Provided records:
▶

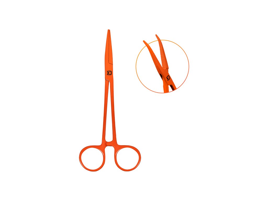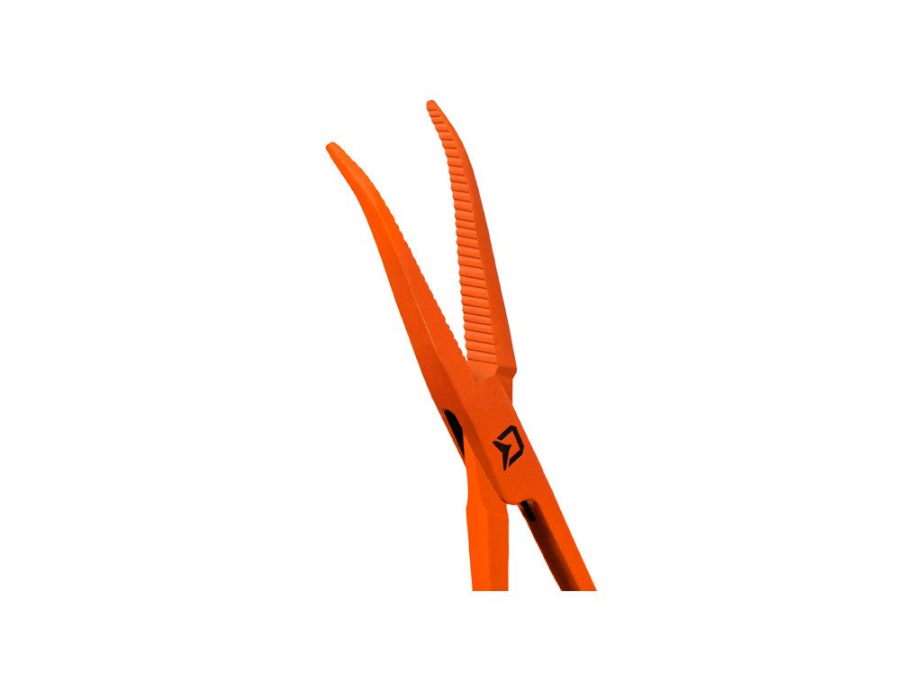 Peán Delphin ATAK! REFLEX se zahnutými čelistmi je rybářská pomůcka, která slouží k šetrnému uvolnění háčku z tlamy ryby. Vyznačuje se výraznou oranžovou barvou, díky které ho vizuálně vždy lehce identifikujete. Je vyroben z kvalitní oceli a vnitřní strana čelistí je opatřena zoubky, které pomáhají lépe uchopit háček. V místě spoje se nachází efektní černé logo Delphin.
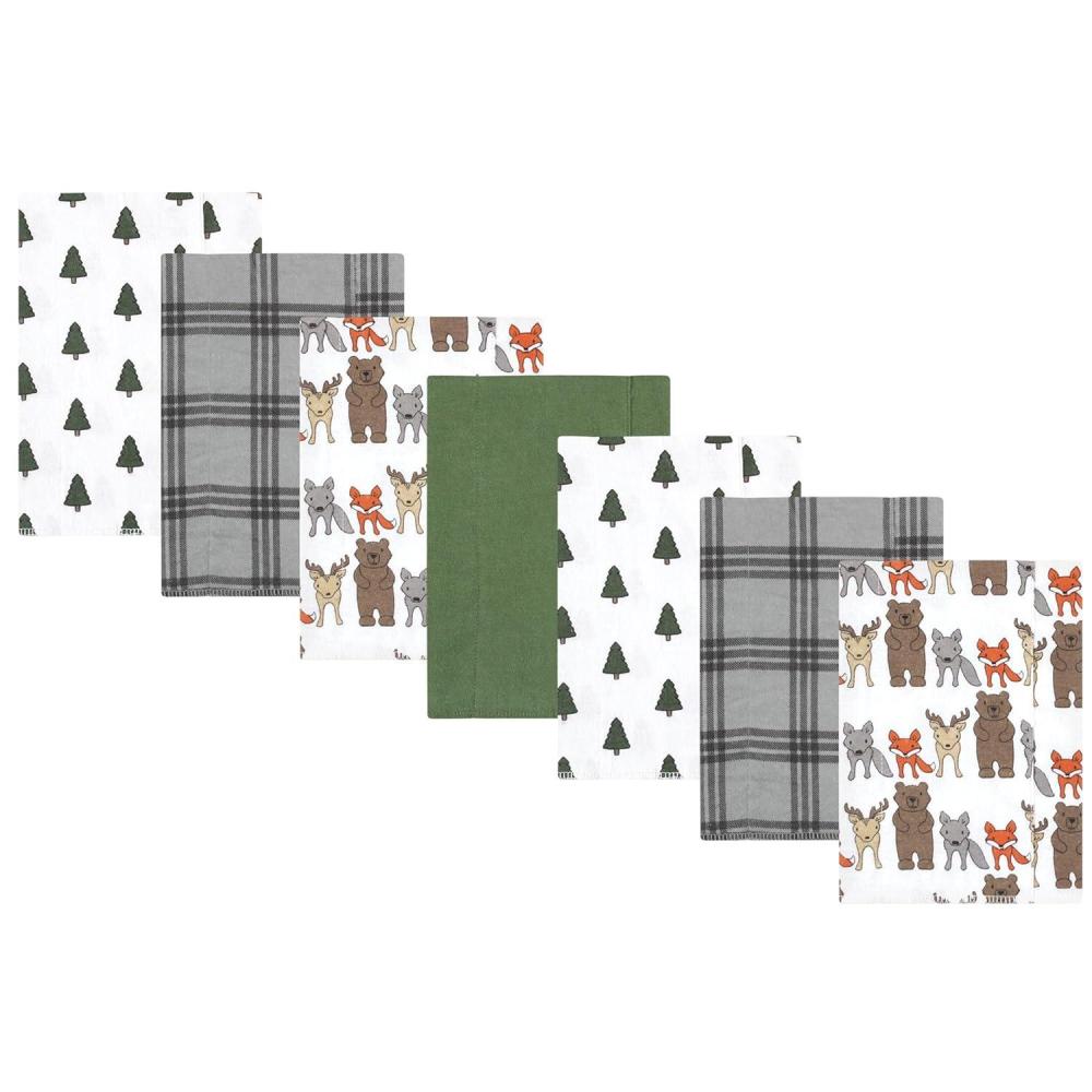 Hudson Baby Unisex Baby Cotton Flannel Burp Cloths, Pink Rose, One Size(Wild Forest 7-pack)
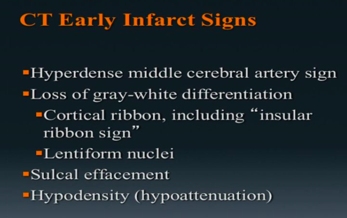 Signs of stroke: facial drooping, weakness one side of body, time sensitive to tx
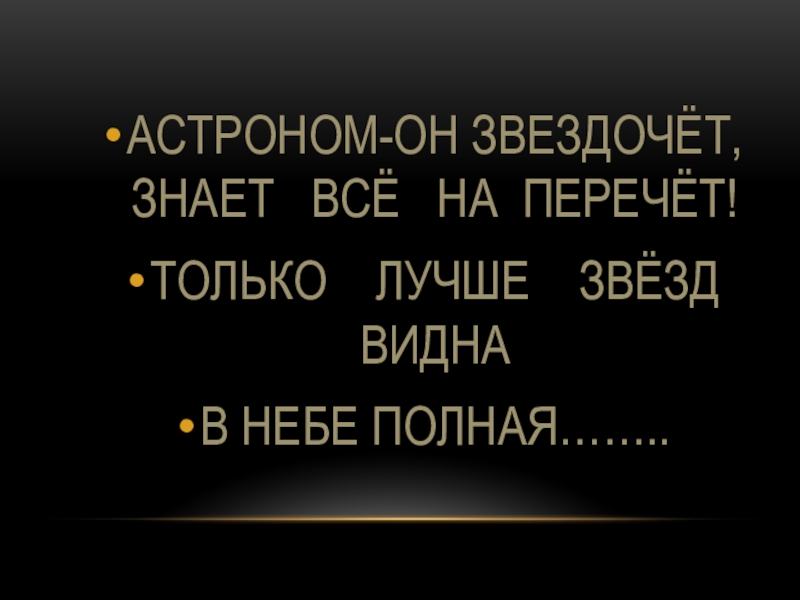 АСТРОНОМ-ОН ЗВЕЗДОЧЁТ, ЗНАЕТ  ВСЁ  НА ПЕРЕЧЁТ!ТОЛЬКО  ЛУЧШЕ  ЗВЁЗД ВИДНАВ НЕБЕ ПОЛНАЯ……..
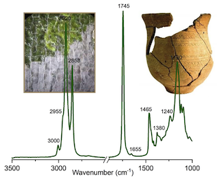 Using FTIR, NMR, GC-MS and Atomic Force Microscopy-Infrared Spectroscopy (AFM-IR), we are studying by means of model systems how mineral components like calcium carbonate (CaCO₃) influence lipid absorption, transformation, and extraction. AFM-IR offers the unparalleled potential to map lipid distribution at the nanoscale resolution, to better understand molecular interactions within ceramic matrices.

◀
▶

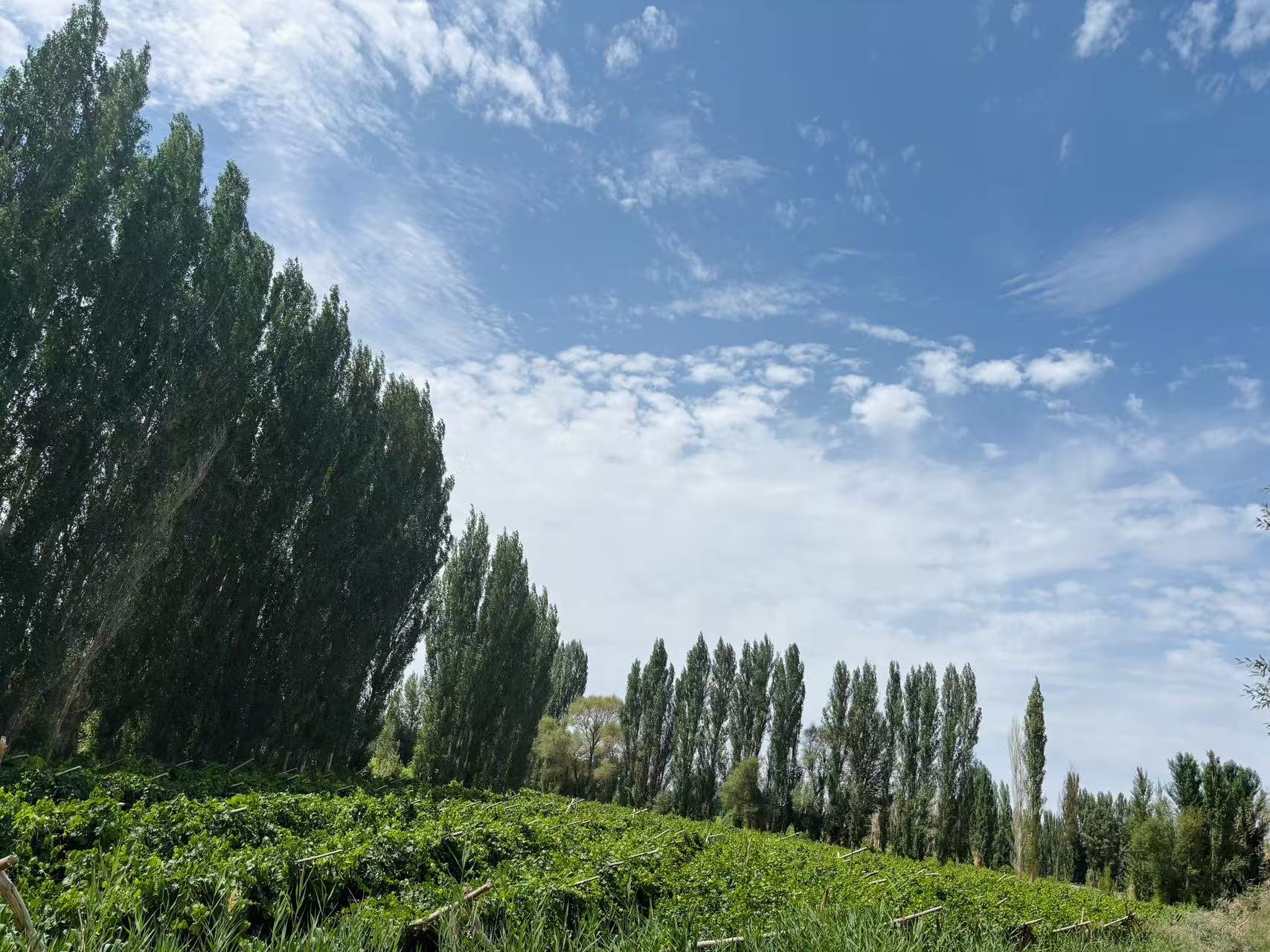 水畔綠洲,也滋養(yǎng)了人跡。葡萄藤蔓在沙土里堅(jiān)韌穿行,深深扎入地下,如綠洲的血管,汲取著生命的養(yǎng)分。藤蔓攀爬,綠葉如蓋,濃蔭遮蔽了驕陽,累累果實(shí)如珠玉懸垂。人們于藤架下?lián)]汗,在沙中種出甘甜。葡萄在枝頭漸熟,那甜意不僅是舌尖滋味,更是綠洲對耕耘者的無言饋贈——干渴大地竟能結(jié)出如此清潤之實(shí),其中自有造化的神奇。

◀

Your task is to copy only the lines above starting at the one containing "Peán Delphin ATAK!" and ending at the one containing "Using FTIR, NMR, GC-MS". Copy them exactly, both ends included, and omit the pictures.

Written response:
 Peán Delphin ATAK! REFLEX se zahnutými čelistmi je rybářská pomůcka, která slouží k šetrnému uvolnění háčku z tlamy ryby. Vyznačuje se výraznou oranžovou barvou, díky které ho vizuálně vždy lehce identifikujete. Je vyroben z kvalitní oceli a vnitřní strana čelistí je opatřena zoubky, které pomáhají lépe uchopit háček. V místě spoje se nachází efektní černé logo Delphin.
 Hudson Baby Unisex Baby Cotton Flannel Burp Cloths, Pink Rose, One Size(Wild Forest 7-pack)
 Signs of stroke: facial drooping, weakness one side of body, time sensitive to tx
 АСТРОНОМ-ОН ЗВЕЗДОЧЁТ, ЗНАЕТ  ВСЁ  НА ПЕРЕЧЁТ!ТОЛЬКО  ЛУЧШЕ  ЗВЁЗД ВИДНАВ НЕБЕ ПОЛНАЯ……..
 Using FTIR, NMR, GC-MS and Atomic Force Microscopy-Infrared Spectroscopy (AFM-IR), we are studying by means of model systems how mineral components like calcium carbonate (CaCO₃) influence lipid absorption, transformation, and extraction. AFM-IR offers the unparalleled potential to map lipid distribution at the nanoscale resolution, to better understand molecular interactions within ceramic matrices.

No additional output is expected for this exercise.